When Dr. Ann Borders was tapped to help launch the Illinois Perinatal Quality Collaborative (ILPQC), her first move was to ask for help. Other states had successfully launched and developed PQCs. Illinois’ best bet for achieving its own success, she knew, was to learn from them.
“We asked them, ‘If you were starting a new PQC what would you do?’” said Borders, Executive Director and Obstetric Lead for the ILPQC. “Then we went home and tried to imitate that.”
They succeeded. In the five or so years since, Illinois has emerged as one of those states worth imitating in its own right, with over 100 birthing hospitals participating in its initiatives and an impressive record of improving outcomes for mothers and babies. Borders herself has emerged as a national expert on creating, growing, and sustaining a PQC, and now serves on the National Network of Perinatal Quality Collaboratives Executive Committee.

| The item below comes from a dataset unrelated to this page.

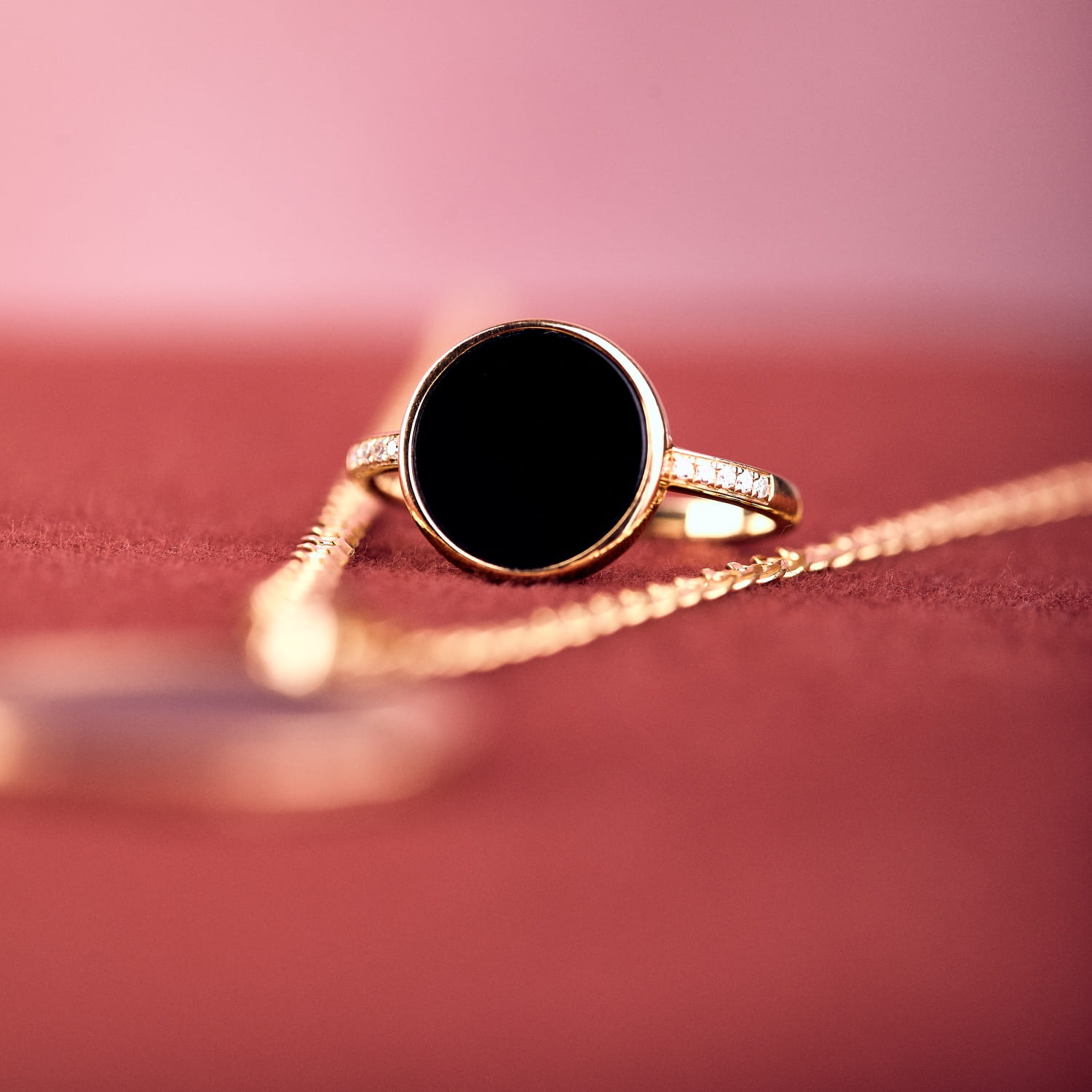 PIERŚCIONEK ZŁOTY 585 Z ONYKSEM DAMSKI ROZMIAR 16 ZŁOTO 585 KAMIEŃ ONYKS

We spoke to Borders after her keynote speech at the 2019 Texas Collaborative for Healthy Mothers & Babies Summit.
TCHMB News: When you first were launching the Illinois Perinatal Quality Collaborative (ILPQC), what did you do to maximize the chances of success?
Dr. Ann Borders: We started with that premise that we needed to learn from successful collaboratives, in states like Ohio, California, Florida, and North Carolina. We very specifically sought their input.
I remember we got a team together from Illinois to attend the annual meeting of the Florida PQC. We flew down there, and set up meetings with the Florida leadership, which was led by Bill Sappenfield, as well as with Jay Iams from Ohio, Elliott Main and Jeff Gould from California, and Marty McCaffery from North Carolina.
We asked them: How did you put a structure together? How did you create a data system? How do you interact with your teams? What are pitfalls to avoid? What are the key steps to be successful with stakeholders? We went home and tried to imitate their recommendations.
Illinois is now seen as one of those PQCs that knows how to make it work. You’re brought in (to Texas, for example) to help newer PQC launch and grow. From your perspective, what’s the secret?
From our experience, the collaboratives that make it work provide value to the hospital teams. I’d break that down into three strategies that are key to this work:
Provide opportunities for collaborative learning, getting teams together to share and learn from each other, whether that’s in person or through calls and webinars.
Have a rapid response data system that hospitals can really utilize to compare data across time and across participating hospitals to effectively drive QI.
Provide quality improvement support, primarily with QI coaching calls and follow up. Teams may also need site visits with key player meeting when appropriate or small group discussion calls to link up higher performing hospitals with hospital teams still struggling with a particular QI topic. The goal is to help every hospital succeed.
What about the ones that aren’t as effective? What are they doing wrong, or failing to do?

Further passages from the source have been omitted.